What is an ultrasound scan?

The key part of an ultrasound machine is the transducer, which generates and detects the ultrasound waves, which are then analysed and displayed on a screen for the radiologist to interpret.

Most ultrasound scans are performed externally using the transducer on the skin with gel to removal signal interference from the air. Some scans can be done internally, for example scanning in the oesophagus to see closer to the heart (tran-oesphageal echocardiogram), or transvaginal ultrasound to see the ovaries and uterus, or a foetus during the early weeks of pregnancy.

Ultrasound is usually painless, and most scans take less than half of an hour.

Do you have any facts and figures about ultrasound?

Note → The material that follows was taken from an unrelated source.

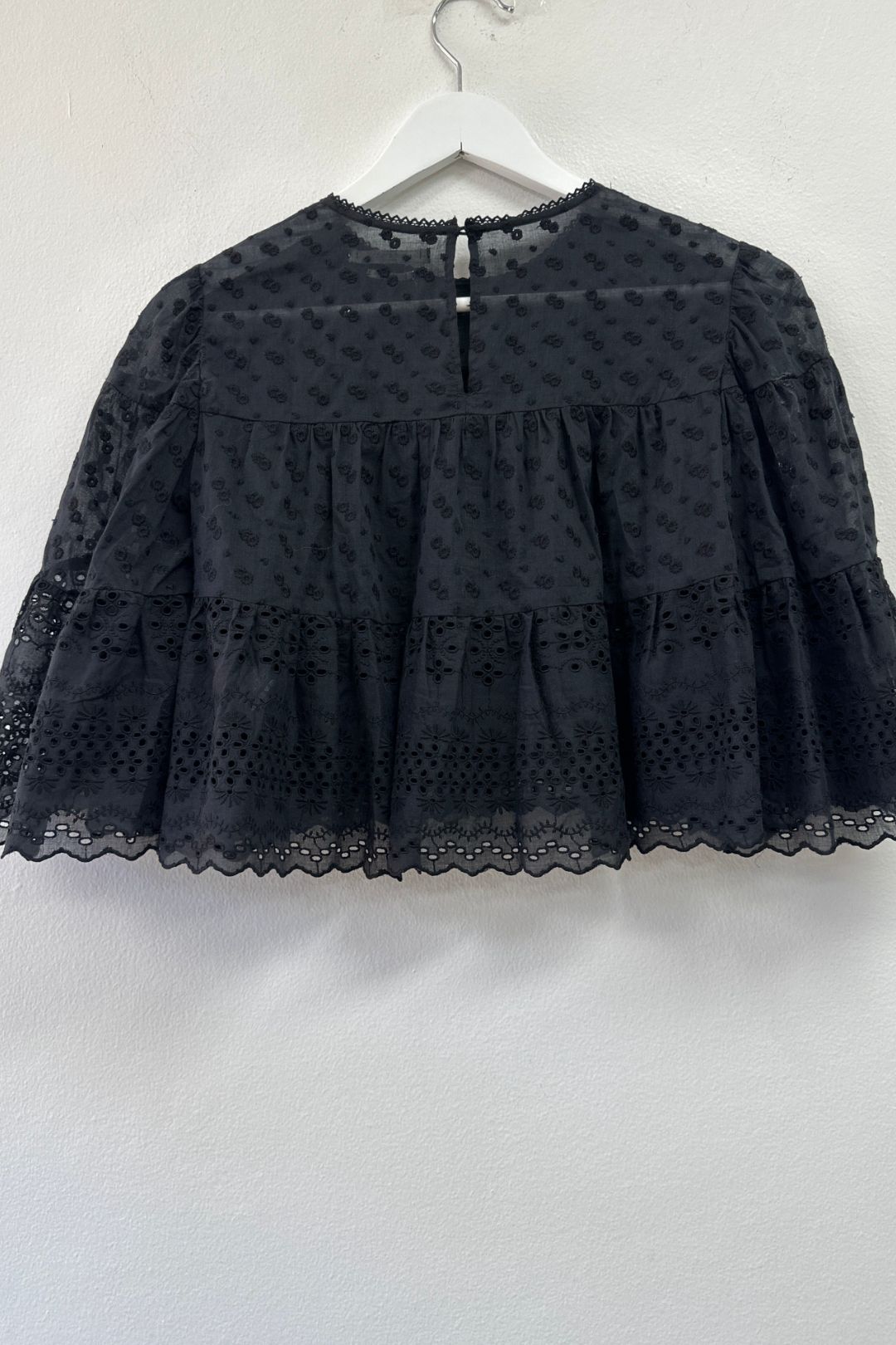 Semi-sheer Broderie Anglaise Cropped Top In Black

  • Pythagoras developed the Sonometer, which measured musical sounds and the frequency of a tuning fork. 
  • In 1794, bats were shown to use sound waves for spatial orientation. 
  • In 1826, sound was shown to travel faster through water than air, using a church bell rung underwater at Lake Geneva.
  • In 1842, the Doppler effect proposed that the frequency of sound waves depended on the speed of the source (think of ambulance sirens).
  • Ultrasound is too high frequency for humans to hear, but dogs and cats can hear them.
  • In the 1950s, patients had to be completely submerged in water during a scan.
  • Now, one of the smallest ultrasound transducers can fit into a blood vessel.
  • There are many non-medical uses including testing for metal fatigue, and cleaning jewellery, lenses, and watches.

What are the advantages?

  • Most ultrasound is non-invasive (no needles or injections).
  • Ultrasound is widely available and less expensive than other scans.
  • Ultrasound imaging is extremely safe (no ionizing radiation).
  • Ultrasound scanning can see soft tissues that do not show up well on x-rays, for example moving tendons.
  • Ultrasound can be used to help guide biopsies, injections, stents, drainages, and during surgical operations.
  • You can discuss your symptoms with the Doctor during the scan.
  • Colour Doppler Ultrasound is very good at evaluating blood flow.
  • Ultrasound likes soft tissues that are solid and uniform or filled with fluid.
  • Ultrasound has a higher resolution than MRI and is better at seeing more superficial structures.

And the disadvantages?

  • It requires a lot of training to learn to perform and interpret ultrasound scans, particularly as there are lots of different techniques.
  • There is a risk of heating soft tissues in therapeutic higher frequency ultrasound.
  • Ultrasound waves are disrupted by air and bone, so ultrasound cannot always see the bowel or inside bones.
  • It is harder to see inside larger patients, as sound waves are weakened passing through increased soft tissue.
  • MRI scans tend to be better for muscle injuries, stress fractures, and assessing the inside of bone and joints, although both tests can often be used well in combination.

What is ultrasound best for in musculoskeletal radiology?

  • Lumps and bumps, collections, large bruises, and cysts.
  • Tendons – rotator cuff, tennis elbow, wrist, hip, knee, ankle including the Achilles.
  • Abdominal wall and groin hernias.
  • Ankle ligaments.
  • Arthritis and some muscle injuries.
  • Injection treatments for tendinopathy and arthritis
  • High-volume injections (hydrodilatation) for frozen shoulder.

Are there different types of ultrasound scan?

Different types of transducer can assess different structures:

  • Head and Neck – eyes, thyroid and parathyroid glands
  • Chest – heart, breasts, and fluid on the lungs
  • Abdomen – liver, gallbladder, spleen, pancreas, kidneys
  • Pelvis – bladder, uterus, ovaries, prostate, scrotum and testicles
  • Foetus in pregnant patients
  • Infants – brain, hips, and spine
  • Musculoskeletal system – see above
  • Blood vessels – arteries (carotid) and veins (DVT)

Recent developments in ultrasound scanning

  • 3D ultrasound scanning of the breast for better detection of cancer.
  • Mobile handheld ultrasound equipment that can connect to a tablet or smartphone.
  • Wearable ultrasound devices used for the treatment of chronic pain.
  • Treatment of rheumatoid arthritis and soft tissue sports injuries.